Data section
────────

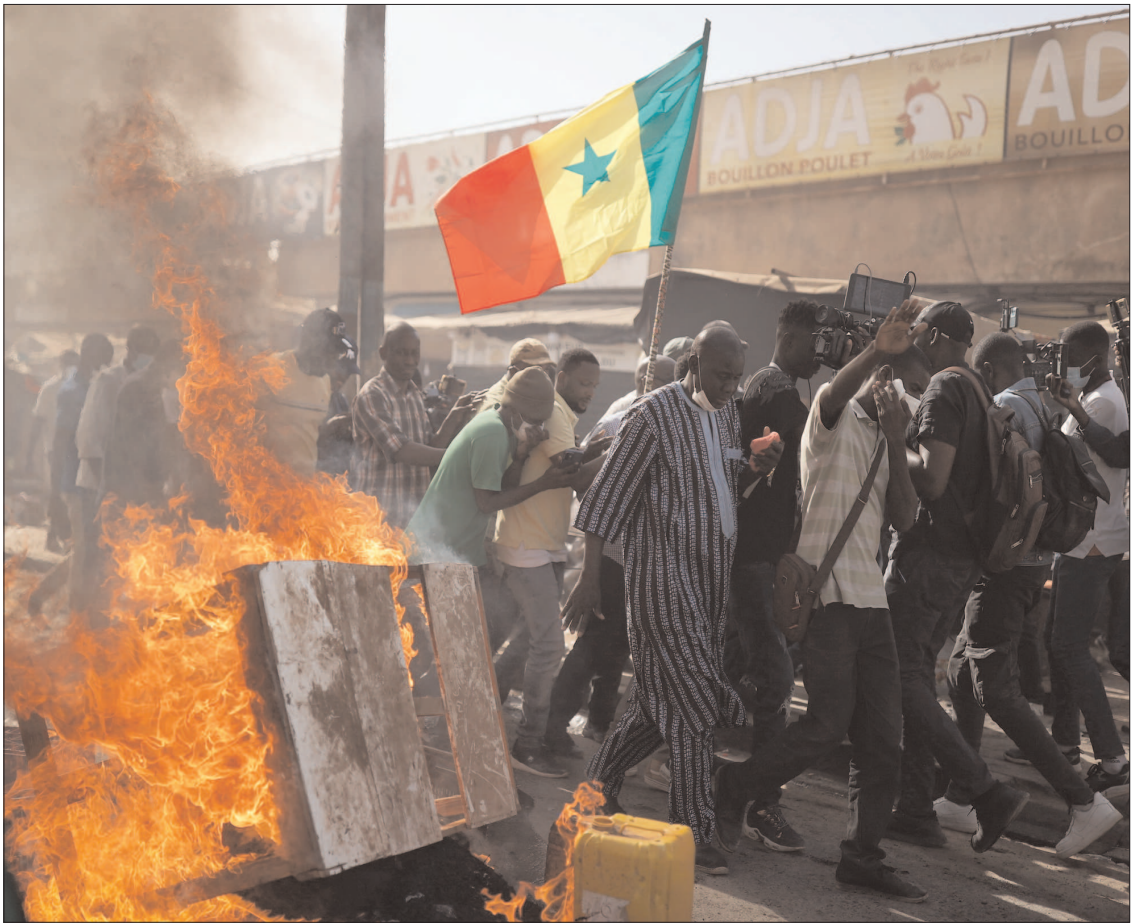
DAKAR: Police made arrests and fired tear gas at opposition supporters during protests against the decision by President Macky Sall to postpone Senegal's elections.
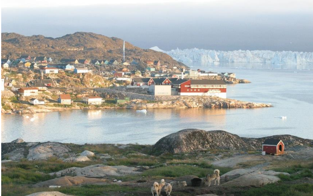
Fig. 1. Ilulissat

The project had already been identified in the 1980's as part of a national search for hydropower potentials in populated areas in Greenland. It is not until 2008 that the decision is taken to realize the project and Nukissiorfiit, the Greenland's national power company, tendered the project as a turn-key. The Icelandic EPC contractor Ístak, daughter firm of Pihl og Søn in Denmark, with Verkís, Icelandic consulting engineers, as the main consultant, came up with the most attractive proposal and was selected for implementation of the project. The Ilulissat Hydroelectric Project (22.5 MW) is the third one of this type in Greenland realized by Ístak as the main contractor, following the realization of the Qorlortosuaq 7.5 MW hydropower plant in operation since 2006 and the Sisimiut 15 MW hydropower plant in operation since 2009. Among the features that made the proposal attractive was the early commissioning of the first of its three turbines, enabling Nukissiorfiit to step down production from its diesel generators earlier than initially planned.
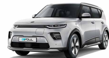
Sparling Silver (KSC)

────────

Retype nothing except the lines from the first line of the listing above through the line with "Fig. 1. Ilulissat", exactly as they stand, and no pictures.

Reply
DAKAR: Police made arrests and fired tear gas at opposition supporters during protests against the decision by President Macky Sall to postpone Senegal's elections.
Fig. 1. Ilulissat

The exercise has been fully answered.